Instance of a thread control block within IBM OS/360 and successor systems

The Task Control Block (TCB) is a data structure which contains the state of a task (Note: Roughly analogous to a thread in UNIX-like operating systems.) in, e.g., OS/360 and successors on IBM System/360 architecture and successors.

==The TCB in OS/360 and successors==
In OS/360, OS/VS1, SVS, MVS/370, MVS/XA, MVS/ESA, OS/390 and z/OS, the TCB contains, among other data, non-dispatchability flags and the general and floating point registers for a task that is not currently assigned to a CPU.

A TCB provides an anchor for a linked list of other, related request blocks (RBs); the top-linked RB for a TCB contains the Program status word (PSW) when the task is not assigned to a CPU.

When the control program's dispatcher selects a TCB to be dispatched, the dispatcher loads registers from the TCB and loads the PSW from the top RB of the TCB, thereby dispatching the unit of work.

===Request Blocks===

OS/360 has the following types of request blocks
- Interruption Request Block
 An IRB is used to handle an asynchronous exit. (Note: An asynchronous routine to handle an exception, timer event or other signal.)
- Program Request Block
 A PRB represents a module invoked with an ATTACH macro, a LINK macro or a synchronous exit. (Note: Unprivileged callback routine.)
- System Interruption Request Block
 An SIRB is used to run I/O error recovery code.
- Supervisor Request Blocks
 An SVRB represents the execution of a Type 2, Type 3 or Type 4 SVC routine

An RB contains several fields, among them an old PSW, old general registers, a PSW and a wait count.

===Dispatching===
The Dispatcher is a routine in the nucleus that selects the work to be dispatched. It selects the highest priority task that:
1. Is not running on another CPU
2. Does not have any non-dispatchability flags set
3. Has a top RB with a zero wait count.

The system maintains a pair (Note: In 65MP there is a pair for each CPU; in MVS there are pointers for each address space.) of TCB pointers known as TCB old and TCB new. A TCB new pointer of zero causes the dispatcher to search for an eligible task.

When the dispatcher finds an eligible task, it sets the old and new TCB pointers. loads the registers from the TCB and loads the PSW from the top RB.

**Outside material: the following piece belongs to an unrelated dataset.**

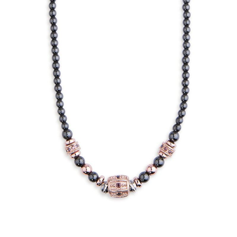 Collar WN135N de plata de palo con bolas de ematite negra y detalles en tono rosa dorado. Diseño elegante y sofisticado ideal para mujeres que buscan un toque de distinción. Perfecto para combinar con looks formales o semi-casuales. Materiales de calidad que garantizan durabilidad y brillo.
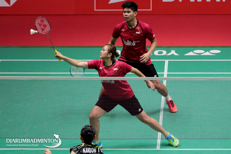 Rinov Rivaldy/Angelica Wiratama (Indonesia) Menghadang Serangan

If the dispatcher fails to find eligible work, it enters an enabled wait.

==History==
With the introduction of MVS/370 and successor systems, a whole new environment was introduced: the Service Request Block (SRB), which generally has a higher priority than any Task Control Block, and, indeed, which itself has two distinct priorities: a Global SRB (priority over all local address space SRBs and TCBs) and a Local SRB (priority over only the local address space TCBs); and MVS's dispatcher must manage all of these with absolute consistency across as many as two processors (MVS/370) and as many as sixteen processors (successor systems).